Sentimentos negativos do eleitor 'moldam' estilo dos pré-candidatos
Quando um pré-candidato à Presidência da República deixa transparecer sua raiva em público isso também pode ser pura estratégia.
Estadão Conteúdo
Publicado em 24 de junho de 2018 às 10h11.
São Paulo - Nem sempre as declarações enviesadas, a impaciência com o contraditório e o tom excessivamente bélico devem ser atribuídos a um descontrole ocasional ou a um mero traço de personalidade. Quando um pré-candidato à Presidência da República deixa transparecer sua raiva em público isso também pode ser pura estratégia.

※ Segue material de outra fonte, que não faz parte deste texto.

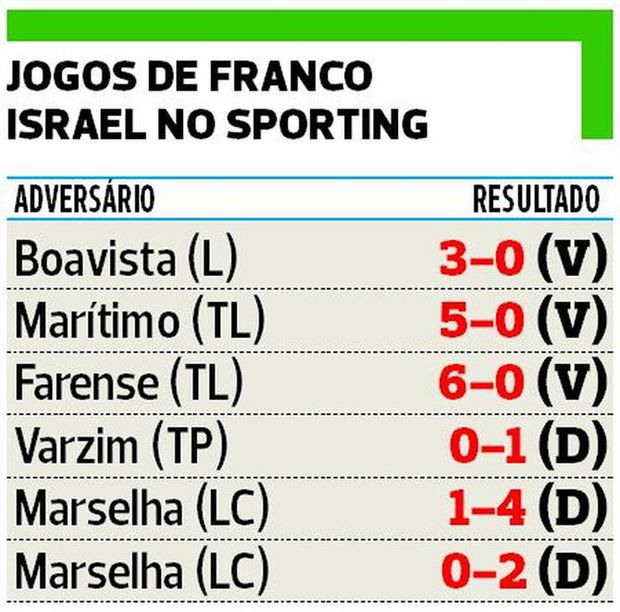 Ainda assim, Franco Israel já teve algumas oportunidades para jogar de leão ao peito, mas só uma delas para a Liga, diante do Boavista (ver quadro em anexo).
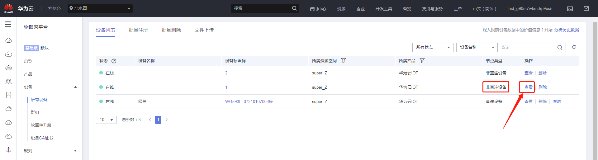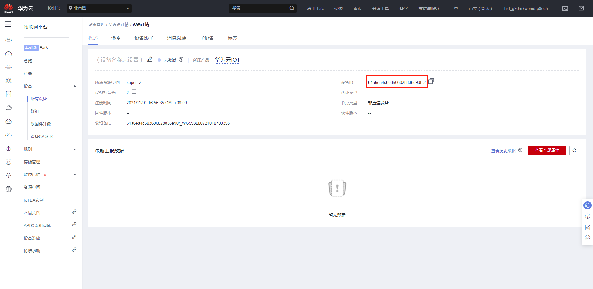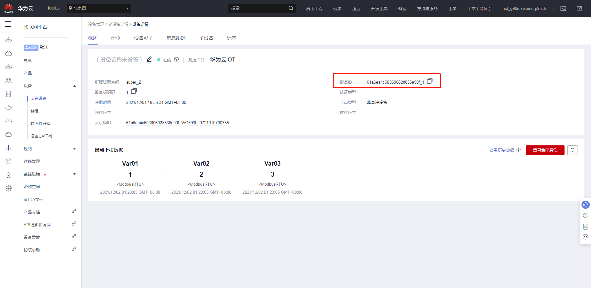網(wǎng)關(guān)端“子設(shè)備序號(hào)”對(duì)應(yīng)華為云IOT非直連設(shè)備的“設(shè)備ID”;

A explicação para o comportamento tenso e até prematuramente agressivo de alguns postulantes ao Planalto pode estar na percepção do (mau) humor do eleitor. Um levantamento do Instituto de Pesquisas Sociais, Políticas e Econômicas (Ipespe), realizado em março, ouviu 1.200 eleitores sobre os sentimentos em relação às eleições de outubro. Nesta amostragem, 83% dos pesquisados declararam ter emoções negativas; enquanto apenas 14% estariam imbuídos de sentimentos positivos. Os outros 3% não quiseram ou não souberam responder.
Os sentimentos negativos estão divididos em "preocupação" (33%), "indignação ou raiva" (27%); "tristeza" (12%) e "medo" (11%). Entre os sentimentos positivos, aparecem: "esperança" (12%), "orgulho" (1%) e "alegria" (1%). A opção "entusiasmo" não atingiu 1% das menções.

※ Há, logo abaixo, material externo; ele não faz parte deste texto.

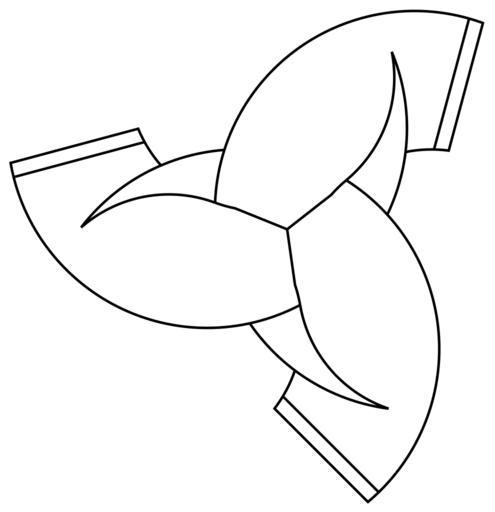 | Keywords: Snoldelev-three-interlaced-horns.svg A redrawn and slightly schematized version of a symbol found on the Snoldelev Stone Three horns are interlaced in a pattern with 3-fold rotational symmetry similar to incomplete Borromean rings See Image Three-Crescents-Diane-Poitiers png for discussion of other symbols with a similar pattern of interlacing Own -- SVG version of Image Snoldelev-three-interlaced-horns png Converted from the following PostScript code <pre> 1 75 setlinewidth 300 396 translate -60 rotate /horn 60 -75 92 translate 0 0 150 154 353 202 5 arc -40 503 -37 894 100 191 25 129 71 arcn stroke -40 503 -37 894 100 41 175 22 5 arcn 0 0 150 10 117 71 arc stroke 1 setlinejoin -40 503 -37 894 100 69 738 78 738 arc -60 75 92 lineto stroke 0 setlinejoin /c 1 02637 def 47 078 10 374 moveto 95 836 c mul 25 673 c mul rlineto stroke def gsave horn grestore gsave 120 rotate horn grestore gsave 240 rotate horn grestore showpage EOF</pre> 2006-09-02 AnonMoos v fl Heathen symbols Incomplete Borromean rings interlacings Images with PostScript source code 3-fold rotational symmetry |

O cientista político e coordenador da pesquisa do Ipespe, Antônio Lavareda, afirmou que "o voto não é apenas uma opção racional" e que "o modelo de inteligência afetiva é um dado importante para as campanhas".
O problema, segundo ele, é a forma como os pré-candidatos estão trabalhando com a negatividade do eleitor. "É um erro dos candidatos incorporarem a raiva ou o medo do eleitor. O que eles precisam fazer é administrar e equalizar esses sentimentos e, principalmente, oferecer respostas para essa indignação do eleitor", disse.
A tentação de encarnar a raiva aumenta quando um dos pré-candidatos mais bem colocados nas pesquisas é o deputado Jair Bolsonaro (PSL-RJ) - que traz em seu discurso elementos do "contra tudo o que está aí" e um tom mais contundente. "Mas é um erro um candidato que não tem um perfil agressivo tentar passar essa imagem. O candidato não age com naturalidade, vai contra sua própria natureza, e o eleitor percebe que aquilo é teatro."
Cientistas políticos e profissionais do marketing ouvidos pela reportagem afirmaram que pré-candidatos como Geraldo Alckmin (PSDB) e Marina Silva (Rede) não ganhariam pontos com explosões de raiva e indignação - porque essas reações não seriam da natureza deles. Já Ciro Gomes (PDT) e o próprio Bolsonaro já possuem esse tipo de reação em seus respectivos "vocabulários" - e não causam estranhamento ao agir assim.
O marqueteiro do presidente Michel Temer, Elsinho Mouco, admite que "os sentimentos prevalecentes na população são os mais negativos". "Sem administrar o medo do eleitor, sem resgatar a esperança nessas pessoas, não há como ter sucesso na eleição", disse.
Mouco completou dizendo que "o voto é retrospectivo". Segundo ele, "as pessoas imaginam sua vida no futuro por aquilo que aconteceu no passado". "Resgatar o estado de espírito da sociedade é o desafio."As informações são do jornal O Estado de S. Paulo.